All-Ireland Minor Hurling Championship 1978

All Ireland Champions
- Winners: Cork (13th win)
- Captain: Pat Murphy

All Ireland Runners-up
- Runners-up: Kilkenny
- Captain: Pierce Phelan

Provincial Champions
- Munster: Cork
- Leinster: Kilkenny
- Ulster: Not Played
- Connacht: Not Played

= 1978 All-Ireland Minor Hurling Championship =

The 1978 All-Ireland Minor Hurling Championship was the 48th staging of the All-Ireland Minor Hurling Championship since its establishment by the Gaelic Athletic Association in 1928.

Kilkenny entered the championship as the defending champions.

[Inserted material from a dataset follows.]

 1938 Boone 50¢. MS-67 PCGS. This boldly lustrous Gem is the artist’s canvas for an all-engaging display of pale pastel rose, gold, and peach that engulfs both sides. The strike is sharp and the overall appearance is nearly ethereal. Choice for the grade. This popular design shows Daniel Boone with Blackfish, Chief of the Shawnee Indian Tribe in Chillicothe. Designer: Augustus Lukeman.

On 3 September 1978 Cork won the championship following a 1-15 to 1-8 defeat of Kilkenny in the All-Ireland final. This was their 13th All-Ireland title and their first in four championship seasons.

==Results==
===Munster Minor Hurling Championship===

Final

30 July 1978
Tipperary 3-6 - 1-14 Cork
  Cork: D Murphy 1-4, J Hartnett 0-7, S O'Gorman 0-1, T McCarthy 0-1, J Ahearne 0-1.

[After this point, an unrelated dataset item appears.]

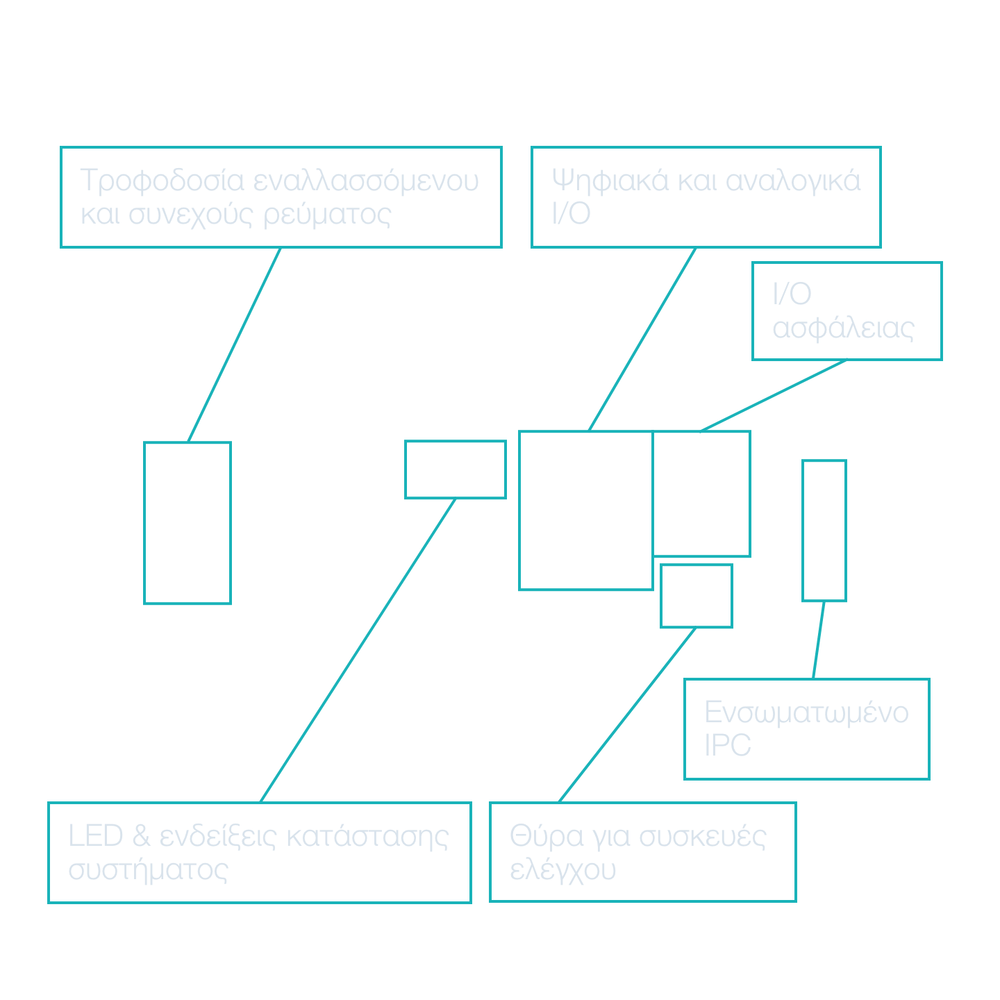 24 × 24V DC, 5A Ψηφιακή: 16 × I/O, 1A έκαστο Αναλογικό: 4 × I/O [0-10V] ή [4-20mA] |

===All-Ireland Minor Hurling Championship===

Semi-final

6 August 1978
Kilkenny 3-13 - 1-8 Galway
  Kilkenny: B McEvoy 1-8, W Purcell 1-2, J Holland 1-0, P Gannon 0-1, J Moriarty 0-1, E Crowley 0-1.
  Galway: P Hurney 1-1, S Dolan 0-4, M Ruane 0-1, M McCormack 0-1, M Fahy 0-1.

Final

3 September 1978
Cork 1-15 - 1-8 Kilkenny
  Cork: S O'Gorman 1-2, G O'Regan 0-4, S Cashman 0-2, D Murphy 0-2, L Lynch 0-2, J Hartnett 0-2, T McCarthy 0-1.
  Kilkenny: E Crowley 1-1, P Gannon 0-2, B McEvoy 0-2, M Heffernan 0-1, W Purcell 0-1, M Cleere 0-1.